Нынче чаще всего пьют не рюмочку-другую, и «веселье» для домашних нелегкое.
Вот и наш землячок-полковник: «Не уважаете? Будем стрелять…» Прославился.
Про подвиг Гришиного батяни никто не узнал. А ведь тоже был пьяный. Крепко поругались в семье. Все на него: жена, дочка и сын. И тот же хмельной кураж: «Не уважаете?.. Буду казнить…» А под рукою не что-нибудь, а боевая граната.
Наверняка он просто хотел попугать. Шумливую свою жену и дочку, которая тоже голос начала поднимать. Конечно, хотел их как следует пугануть. Не переорешь ведь баб…
И конечно, все – дело случая. Допекли… А когда допекут, в сердцах чего не наделаешь. Вот и батяня наш в этой домашней ссоре вскипел, взбеленился, тем более дурной хмель в голове.
– В бога мать! С такой жизнью! Всех вас… – Ухватил эту злосчастную гранату и, выдернув чеку, кинул посреди комнатки. В бешенстве, в ярости, хмельной человек.
Но все же мне думается, что чеку он выдернул случайно ли, ненароком. Но ничего уже было нельзя изменить.
Граната упала на пол. Вокруг нее в тесной комнате – четверо: жена, дочь, сын Гриша и он, батяня. И всего несколько секунд времени между вырванной чекой и взрывом.
Батяне с лихвой хватило этих секунд, чтобы отрезветь, все понять и сделать последний шаг. «Он побелел как стена», – потом вспомнит жена. Батяня успел, кинулся на пол, упав на гранату. Тут же рвануло. От взрыва даже деревянный пол в комнате проломило. А уж про батяню чего и говорить. Он умер мгновенно, весь взрыв и металл приняв на себя. Никого не тронуло: ни детей, ни жену.
Вот и вся история про Гришиного батяню. Конец.
Нынче могилки на кладбище прибирают, скоро Пасха. Станет совсем тепло, зацветет акация; начнет ловиться крупный лещ; на причале по вечерам, особенно в погожие дни, народу много, взрослые и ребятишки. Гриша будет сидеть, с удочкой ли, с закидушкой.

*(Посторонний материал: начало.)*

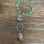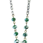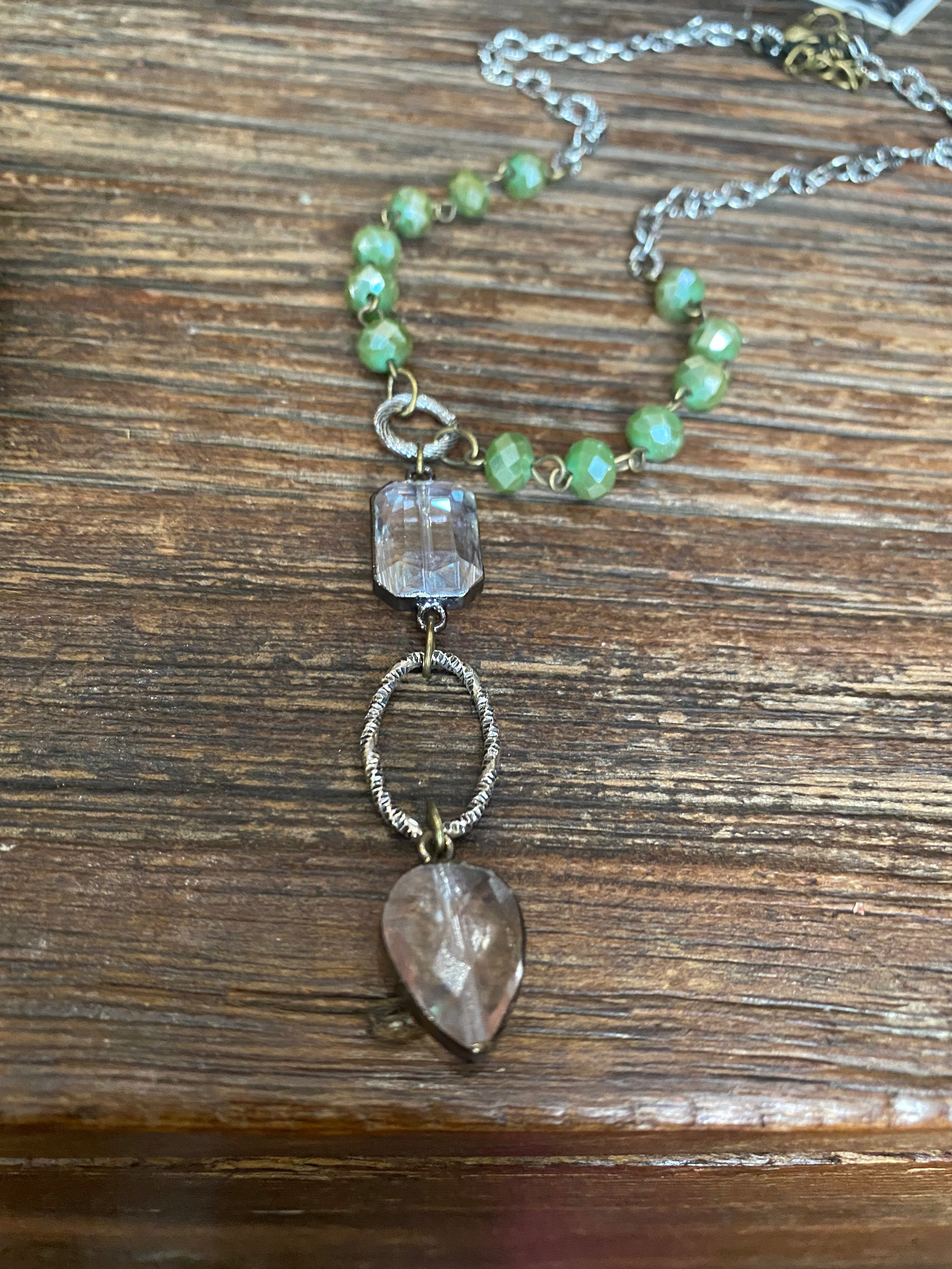 Silver chain and sage green rosary beads with a rhinestone dangle pendant. Great for layering!

Спасибо тебе, батек. Ты в жизни, конечно, покуролесил. Крови родным попортил. Но вот ушел по-хорошему, по-людски, никого с собой не забрав. Пусть живут.
2002 г.
Перед праздником
Нынешняя зима словно подарок: снегопады, метели, легкий мороз. Давно такой зимы не было. И так рано пришла. В середине ноября, когда уезжал я из Волгограда на поезде, было тепло, а утром в купе проснулся – за окном зима, белое Подмосковье: поля, перелески, людские селенья – все в снегу.
Жил я, как всегда, в Переделкине, двадцать минут от города, а иной мир: старые березы, вековые сосны, покой, тишина, да еще снег валит и валит. Живи и радуйся.

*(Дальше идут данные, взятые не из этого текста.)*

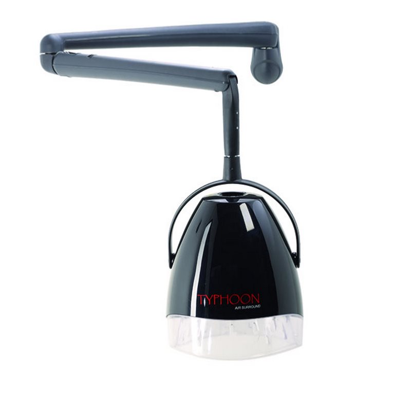 Le casque de séchage professionnel THYPHOON à 4 vitesses respecte les cheveux de vos clientes grâce à un séchage naturel par une ventilation indirecte. Doté d'une nouvelle technologie, le casque de séchage atteint immédiatement la température désirée tout en économisant l'énergie. Vous pouvez choisir le casque seul ou choisir le l'adapter sur une base pour le déplacer plus facilement ou avec un bras articulé pour le fixer au mur. un bras articulé pour le fixer au mur.

А вот радости как раз было мало. Нынешний год приехал я в Москву не просто развеяться, но с болезнью, надеясь и не надеясь на докторов столичных, до которых еще достучись.
Рано утром впотьмах поднимался я и брел к электричке, ехал в битком набитом вагоне. Потом – слякотный перрон, под ногами – жижа. Городские зимние угрюмые сумерки. Людской поток несет тебя ко входу в метро. Там давка: в дверях, у турникетов, у эскалаторов, в подземных переходах. В желтом электрическом свете течет и течет молчаливая людская река.

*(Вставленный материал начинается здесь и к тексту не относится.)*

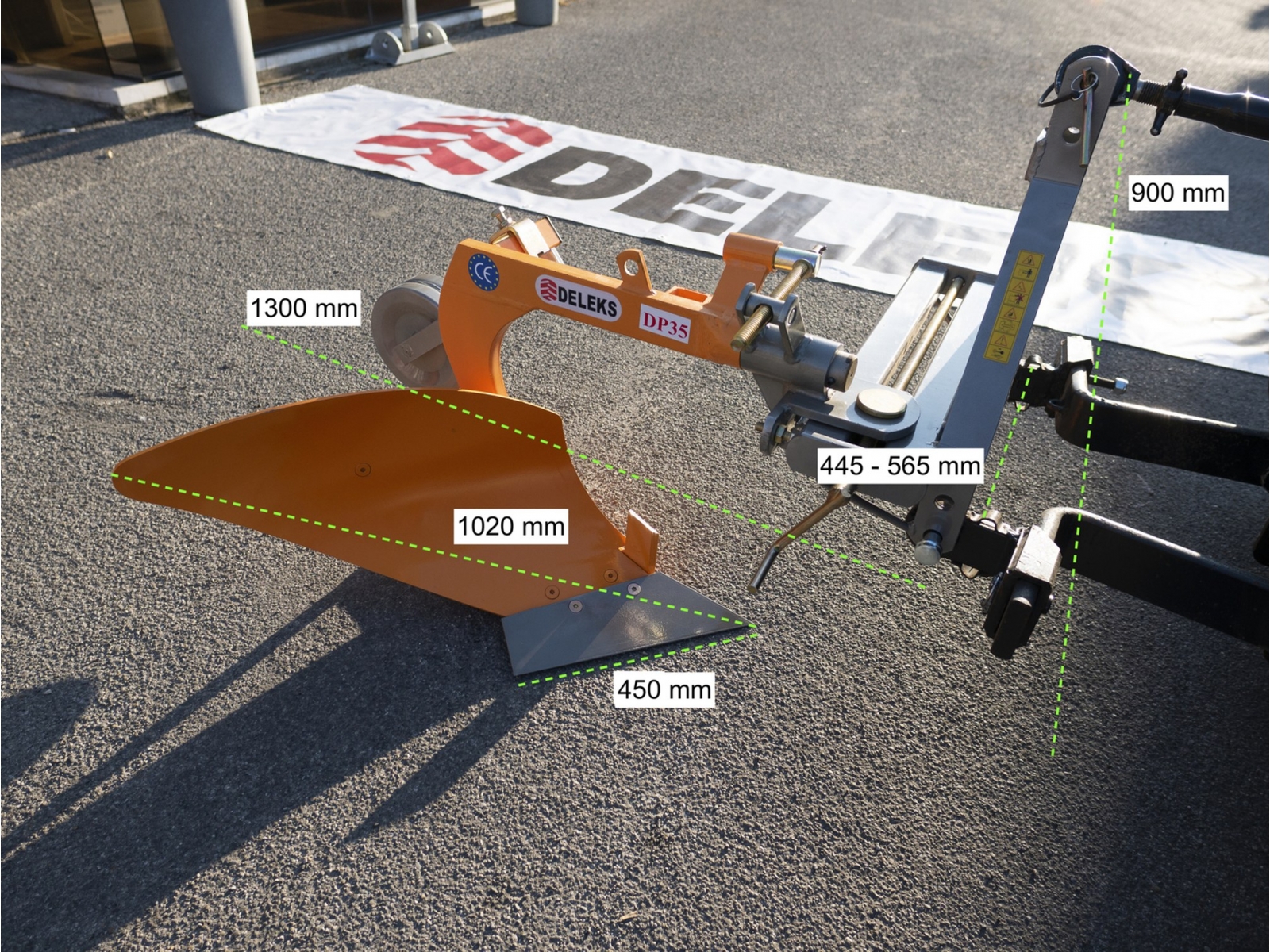 Jednodielny pluh DP-35 pre traktory s výkonom 25 - 45 HP. Tento pluh je určený na obrábanie hlinitých alebo piesočnatých pôd a je kompatibilný s najbežnejšími značkami dostupných traktorov. Dodatočne zvárané zosilňujúce časti rámu na ramene na zosilnenie namáhaných bodov.

А наверху, на московских улицах, тоже несладко. Под ногами – наледь нечищеных тротуаров или снежная каша пополам с солью.
Потом – коридоры клиники, очереди, долгое время ожидания. Один кабинет да другой. «Ждите, ждите… Вы не один… Ожидайте… Может быть, завтра, а может, на той неделе… Видите, сколько народу?..» Чего тут ответишь, лишь вздохнешь: нет, не стоит хворать, а уж в нынешние времена – тем более.
К вечеру наглядишься, наслушаешься, устанешь, еле бредешь.
Снова – метро, его подземелья. Господи, какая сила загоняет нас в эти угрюмые норы… Выберешься оттуда, вздохнешь и спешишь к электричке, в ее вечернюю толкотню, Бога моля, чтобы не отменили.
Так и текла моя московская жизнь: за днем – день, за неделей – другая. Затемно встанешь, затемно к дому прибьешься. Ничему не рад, даже зиме и снегу.
Уже пошел декабрь, спеша к новогодью, а у меня – песня прежняя, и чем длинней она, тем тоскливей.
Однажды вечером мне повезло вдвойне: электричку не отменили и вагон оказался не больно набитым. Уселся, газету развернул для порядка. Хотя чего там вычитывать: убили, взорвали, ограбили, да еще склоки, кто больше украл. Но по привычке достал газету ли, детектив и вроде укрылся: не трогай меня. Вечерний поезд, усталые люди. Зима, теснота, из тамбура дует и дымом несет, кто-то ворчит, а кто-то уже ругается.